# Zion & Bryce Utah



## KenCarr (Aug 20, 2004)

New to the boards here so just checking in and saying hello.

My family is going out west to Utah and was wondering if anyone has any tips about going to Zion national and also Bryce Canyon in UT. Where to stay etc. We have a 27' and I think a lot of the parks out there don't allow anything over a 21'. 
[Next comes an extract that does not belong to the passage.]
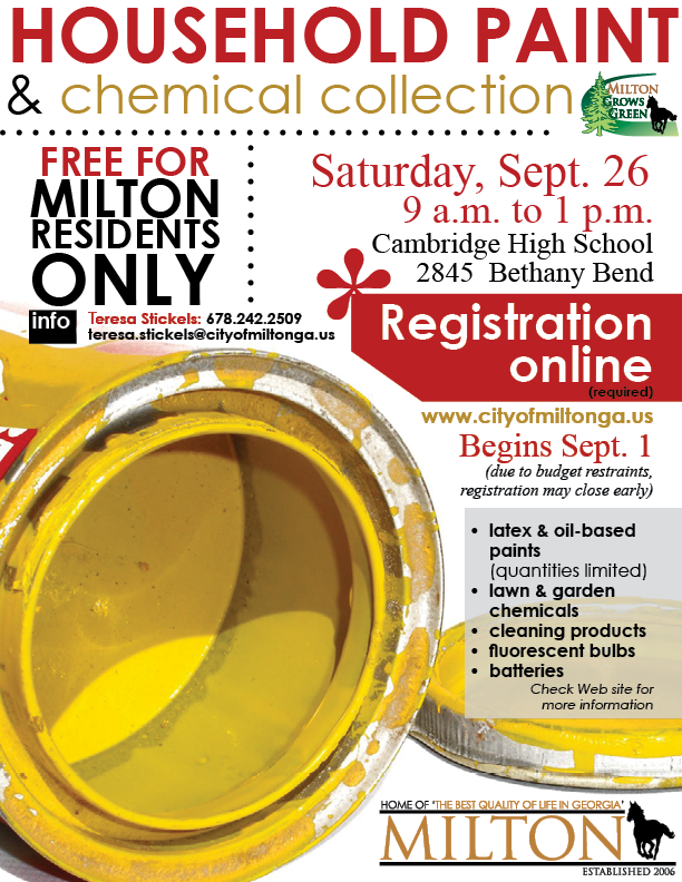 Online pre-registration is still open for Milton's fourth household paint and chemical collection event, to be held from 9 a.m. to 1 p.m. Saturday, Sept. 26 at Cambridge High School thanks to Milton Grows Green.

Any and all info will be greatly appreciated.

Thanks


----------



## janicenlarry (Aug 20, 2004)

Zion & Bryce Utah

Pull out your Trailer Life and you will find a number of parks in the vicinty of both parks.  Go on line and see what the parks will allow as far as length goes.  They are great places to visit.  Try to see all of the Utah parks.  They are fantastic.


----------



## ARCHER (Aug 21, 2004)

Zion & Bryce Utah

Good advice from Larry.  Welcome to the forum.  Most parks do have a web site so look um up.  Trailer Life good resource for planning.


----------



## KenCarr (Aug 24, 2004)

Zion & Bryce Utah

Thanks for the advice and also the welcome. I'll check out Trailer Life and see what's up. I've heard that some of the National Parks can be a bit of a zoo and sometimes private camp grounds are a better option.


----------